WHAT YOU SHOULD DO:
Will you output all of the data below exactly, omitting the images?

DATASET EXTRACT:
____________

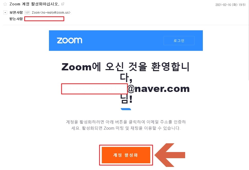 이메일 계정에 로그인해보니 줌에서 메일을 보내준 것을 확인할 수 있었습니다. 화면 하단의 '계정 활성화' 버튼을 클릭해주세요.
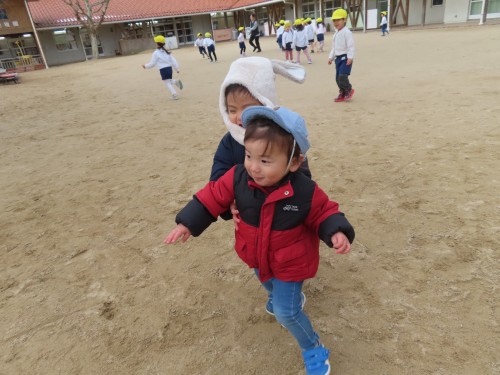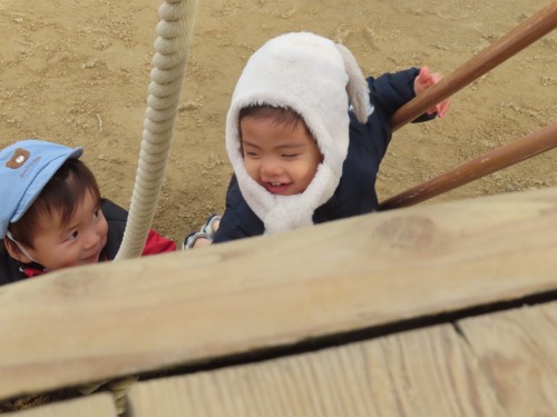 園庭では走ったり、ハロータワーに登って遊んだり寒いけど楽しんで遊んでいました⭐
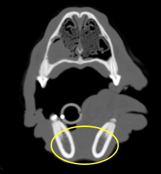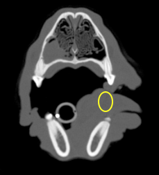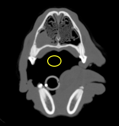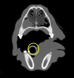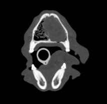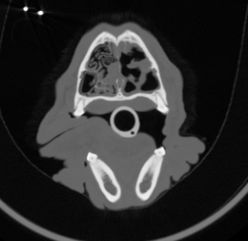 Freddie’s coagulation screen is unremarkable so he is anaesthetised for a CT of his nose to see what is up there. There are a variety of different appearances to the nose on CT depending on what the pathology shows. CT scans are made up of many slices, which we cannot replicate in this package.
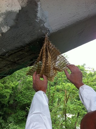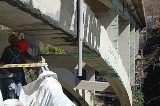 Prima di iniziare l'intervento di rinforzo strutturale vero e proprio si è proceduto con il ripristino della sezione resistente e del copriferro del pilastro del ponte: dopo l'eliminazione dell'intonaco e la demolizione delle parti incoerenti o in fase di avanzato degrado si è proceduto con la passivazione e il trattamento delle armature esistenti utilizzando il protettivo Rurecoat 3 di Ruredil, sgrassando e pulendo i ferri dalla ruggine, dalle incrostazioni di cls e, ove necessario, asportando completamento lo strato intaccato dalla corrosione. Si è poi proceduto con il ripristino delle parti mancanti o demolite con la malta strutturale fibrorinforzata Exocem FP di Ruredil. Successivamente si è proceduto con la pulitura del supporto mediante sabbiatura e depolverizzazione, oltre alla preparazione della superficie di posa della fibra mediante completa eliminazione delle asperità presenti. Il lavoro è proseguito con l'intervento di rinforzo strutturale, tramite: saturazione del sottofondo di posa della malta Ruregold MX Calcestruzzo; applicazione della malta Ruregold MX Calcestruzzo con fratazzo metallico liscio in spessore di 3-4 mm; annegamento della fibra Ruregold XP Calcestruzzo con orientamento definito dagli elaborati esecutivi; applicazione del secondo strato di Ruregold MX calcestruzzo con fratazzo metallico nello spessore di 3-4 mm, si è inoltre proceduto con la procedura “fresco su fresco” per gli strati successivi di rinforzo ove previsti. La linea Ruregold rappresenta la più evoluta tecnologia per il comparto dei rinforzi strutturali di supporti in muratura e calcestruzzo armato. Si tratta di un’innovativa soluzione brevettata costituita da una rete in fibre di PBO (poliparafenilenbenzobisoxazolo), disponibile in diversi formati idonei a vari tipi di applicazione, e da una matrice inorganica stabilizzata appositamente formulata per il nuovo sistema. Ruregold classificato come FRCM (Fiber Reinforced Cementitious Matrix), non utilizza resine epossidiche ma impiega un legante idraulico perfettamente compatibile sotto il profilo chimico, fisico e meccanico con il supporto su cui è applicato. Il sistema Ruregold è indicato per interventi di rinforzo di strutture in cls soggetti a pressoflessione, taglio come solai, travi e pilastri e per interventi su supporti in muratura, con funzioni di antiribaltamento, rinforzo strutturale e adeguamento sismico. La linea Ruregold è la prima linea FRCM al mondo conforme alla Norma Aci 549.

____________

RESPONSE BOX:
 이메일 계정에 로그인해보니 줌에서 메일을 보내준 것을 확인할 수 있었습니다. 화면 하단의 '계정 활성화' 버튼을 클릭해주세요.
 園庭では走ったり、ハロータワーに登って遊んだり寒いけど楽しんで遊んでいました⭐
 Freddie’s coagulation screen is unremarkable so he is anaesthetised for a CT of his nose to see what is up there. There are a variety of different appearances to the nose on CT depending on what the pathology shows. CT scans are made up of many slices, which we cannot replicate in this package.
 Prima di iniziare l'intervento di rinforzo strutturale vero e proprio si è proceduto con il ripristino della sezione resistente e del copriferro del pilastro del ponte: dopo l'eliminazione dell'intonaco e la demolizione delle parti incoerenti o in fase di avanzato degrado si è proceduto con la passivazione e il trattamento delle armature esistenti utilizzando il protettivo Rurecoat 3 di Ruredil, sgrassando e pulendo i ferri dalla ruggine, dalle incrostazioni di cls e, ove necessario, asportando completamento lo strato intaccato dalla corrosione. Si è poi proceduto con il ripristino delle parti mancanti o demolite con la malta strutturale fibrorinforzata Exocem FP di Ruredil. Successivamente si è proceduto con la pulitura del supporto mediante sabbiatura e depolverizzazione, oltre alla preparazione della superficie di posa della fibra mediante completa eliminazione delle asperità presenti. Il lavoro è proseguito con l'intervento di rinforzo strutturale, tramite: saturazione del sottofondo di posa della malta Ruregold MX Calcestruzzo; applicazione della malta Ruregold MX Calcestruzzo con fratazzo metallico liscio in spessore di 3-4 mm; annegamento della fibra Ruregold XP Calcestruzzo con orientamento definito dagli elaborati esecutivi; applicazione del secondo strato di Ruregold MX calcestruzzo con fratazzo metallico nello spessore di 3-4 mm, si è inoltre proceduto con la procedura “fresco su fresco” per gli strati successivi di rinforzo ove previsti. La linea Ruregold rappresenta la più evoluta tecnologia per il comparto dei rinforzi strutturali di supporti in muratura e calcestruzzo armato. Si tratta di un’innovativa soluzione brevettata costituita da una rete in fibre di PBO (poliparafenilenbenzobisoxazolo), disponibile in diversi formati idonei a vari tipi di applicazione, e da una matrice inorganica stabilizzata appositamente formulata per il nuovo sistema. Ruregold classificato come FRCM (Fiber Reinforced Cementitious Matrix), non utilizza resine epossidiche ma impiega un legante idraulico perfettamente compatibile sotto il profilo chimico, fisico e meccanico con il supporto su cui è applicato. Il sistema Ruregold è indicato per interventi di rinforzo di strutture in cls soggetti a pressoflessione, taglio come solai, travi e pilastri e per interventi su supporti in muratura, con funzioni di antiribaltamento, rinforzo strutturale e adeguamento sismico. La linea Ruregold è la prima linea FRCM al mondo conforme alla Norma Aci 549.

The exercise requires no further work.